Open file status flags¶
The only open file status flags that can be meaningfully applied to a pipe or FIFO are O_NONBLOCK and O_ASYNC.
Setting the O_ASYNC flag for the read end of a pipe causes a signal (SIGIO by default) to be generated when new input becomes available on the pipe. The target for delivery of signals must be set using the fcntl(2) F_SETOWN command. On Linux, O_ASYNC is supported for pipes and FIFOs only since kernel 2.6.
On some systems (but not Linux), pipes are bidirectional: data can be transmitted in both directions between the pipe ends. POSIX.1 requires only unidirectional pipes. Portable applications should avoid reliance on bidirectional pipe semantics.
Before Linux 4.9, some bugs affected the handling of the pipe-user-pages-soft and pipe-user-pages-hard limits when using the fcntl(2) F_SETPIPE_SZ operation to change a pipe's capacity:
- When increasing the pipe capacity, the checks against the soft and hard limits were made against existing consumption, and excluded the memory required for the increased pipe capacity. The new increase in pipe capacity could then push the total memory used by the user for pipes (possibly far) over a limit. (This could also trigger the problem described next.)
- Starting with Linux 4.9, the limit checking includes the memory required for the new pipe capacity.
- The limit checks were performed even when the new pipe capacity was less than the existing pipe capacity. This could lead to problems if a user set a large pipe capacity, and then the limits were lowered, with the result that the user could no longer decrease the pipe capacity.
- Starting with Linux 4.9, checks against the limits are performed only when increasing a pipe's capacity; an unprivileged user can always decrease a pipe's capacity.
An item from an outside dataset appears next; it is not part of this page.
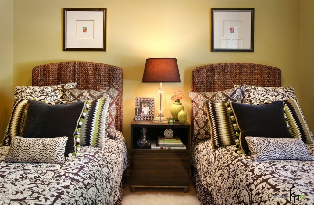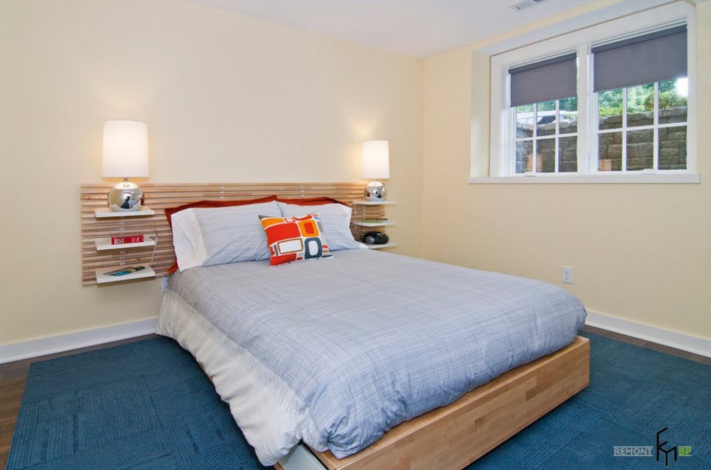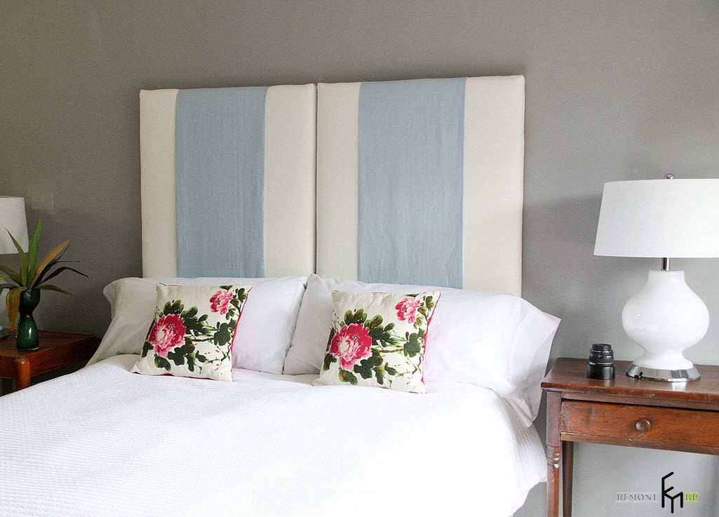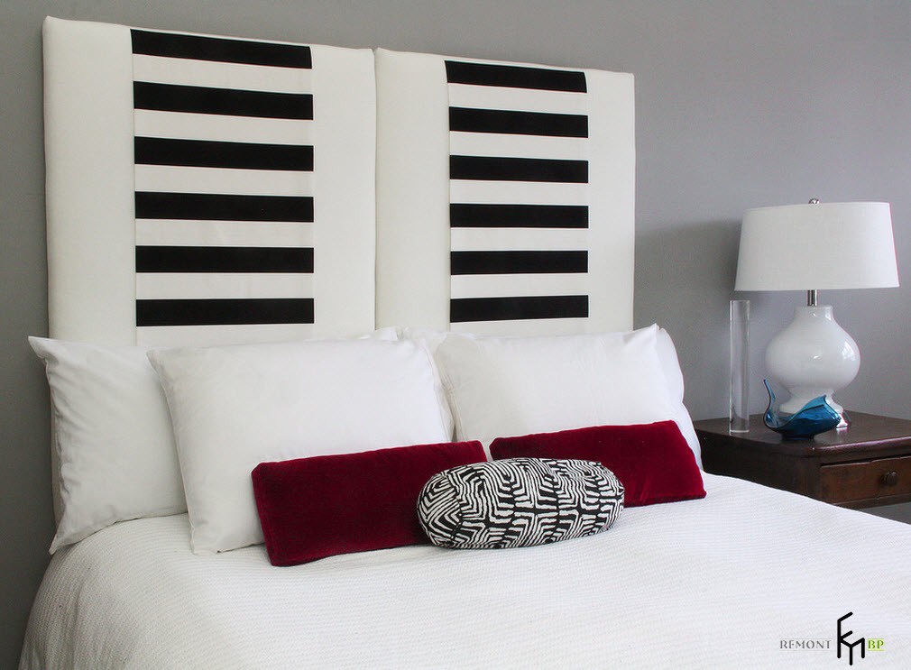 Проще всего изготовить самим мягкое изголовье. Обычно на лист ДСП наклеивают поролон, обшитый тканью. Дополнительная отделка изголовья контрастной тканью – очень практичный вариант, т.к. текстильную дорожку всегда можно заменить, тем самым внести разнообразие в интерьер:

- The accounting and checking against the limits were done as follows:
- Test whether the user has exceeded the limit.
- Make the new pipe buffer allocation.
- Account new allocation against the limits.
- This was racey. Multiple processes could pass point (a) simultaneously, and then allocate pipe buffers that were accounted for only in step (c), with the result that the user's pipe buffer allocation could be pushed over the limit.
- Starting with Linux 4.9, the accounting step is performed before doing the allocation, and the operation fails if the limit would be exceeded.
Before Linux 4.9, bugs similar to points (1) and (3) could also occur when the kernel allocated memory for a new pipe buffer; that is, when calling pipe(2) and when opening a previously unopened FIFO.